▶ **The task**
For the records that follow, please set down exactly the lines between the one holding "Becky petting a" and the one holding "如果用戶使用手部追蹤,則可以", inclusive, and only those.

▶ **Supplied material**

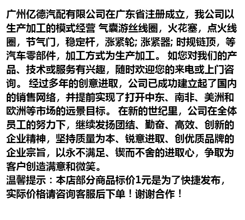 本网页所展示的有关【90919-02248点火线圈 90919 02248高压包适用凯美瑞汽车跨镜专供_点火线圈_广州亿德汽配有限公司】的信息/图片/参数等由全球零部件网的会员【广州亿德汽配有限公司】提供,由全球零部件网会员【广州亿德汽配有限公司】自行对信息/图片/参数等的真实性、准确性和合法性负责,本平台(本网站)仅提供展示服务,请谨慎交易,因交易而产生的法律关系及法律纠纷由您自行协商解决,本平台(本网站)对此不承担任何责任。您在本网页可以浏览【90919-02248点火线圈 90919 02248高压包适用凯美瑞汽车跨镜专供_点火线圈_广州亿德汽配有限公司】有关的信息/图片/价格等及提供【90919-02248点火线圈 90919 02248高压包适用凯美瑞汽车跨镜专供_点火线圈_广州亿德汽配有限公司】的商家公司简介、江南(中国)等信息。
--
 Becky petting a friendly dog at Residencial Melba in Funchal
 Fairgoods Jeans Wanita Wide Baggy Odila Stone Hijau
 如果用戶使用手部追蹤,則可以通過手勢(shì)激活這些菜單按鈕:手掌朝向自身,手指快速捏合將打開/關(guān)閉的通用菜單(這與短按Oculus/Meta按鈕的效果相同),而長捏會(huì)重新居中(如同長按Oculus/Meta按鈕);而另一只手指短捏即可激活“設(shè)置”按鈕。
--
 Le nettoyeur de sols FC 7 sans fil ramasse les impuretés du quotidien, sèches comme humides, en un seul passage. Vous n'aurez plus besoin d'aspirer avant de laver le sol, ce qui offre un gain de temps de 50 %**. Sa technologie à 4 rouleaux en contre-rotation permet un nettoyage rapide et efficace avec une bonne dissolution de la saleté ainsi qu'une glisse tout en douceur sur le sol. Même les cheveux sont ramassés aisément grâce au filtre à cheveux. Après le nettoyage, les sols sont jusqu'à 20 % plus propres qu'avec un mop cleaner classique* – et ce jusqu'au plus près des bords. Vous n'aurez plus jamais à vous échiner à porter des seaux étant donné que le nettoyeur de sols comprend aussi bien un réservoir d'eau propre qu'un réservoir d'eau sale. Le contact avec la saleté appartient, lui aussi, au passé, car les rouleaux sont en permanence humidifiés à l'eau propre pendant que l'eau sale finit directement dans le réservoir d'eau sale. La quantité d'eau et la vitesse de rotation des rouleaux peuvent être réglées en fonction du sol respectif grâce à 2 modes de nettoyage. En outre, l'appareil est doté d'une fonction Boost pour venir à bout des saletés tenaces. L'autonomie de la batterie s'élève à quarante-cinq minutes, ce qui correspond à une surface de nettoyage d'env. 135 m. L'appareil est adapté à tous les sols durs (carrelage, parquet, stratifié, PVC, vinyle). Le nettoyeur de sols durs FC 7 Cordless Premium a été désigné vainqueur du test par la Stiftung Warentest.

▶ **Response to the task**
 Becky petting a friendly dog at Residencial Melba in Funchal
 Fairgoods Jeans Wanita Wide Baggy Odila Stone Hijau
 如果用戶使用手部追蹤,則可以通過手勢(shì)激活這些菜單按鈕:手掌朝向自身,手指快速捏合將打開/關(guān)閉的通用菜單(這與短按Oculus/Meta按鈕的效果相同),而長捏會(huì)重新居中(如同長按Oculus/Meta按鈕);而另一只手指短捏即可激活“設(shè)置”按鈕。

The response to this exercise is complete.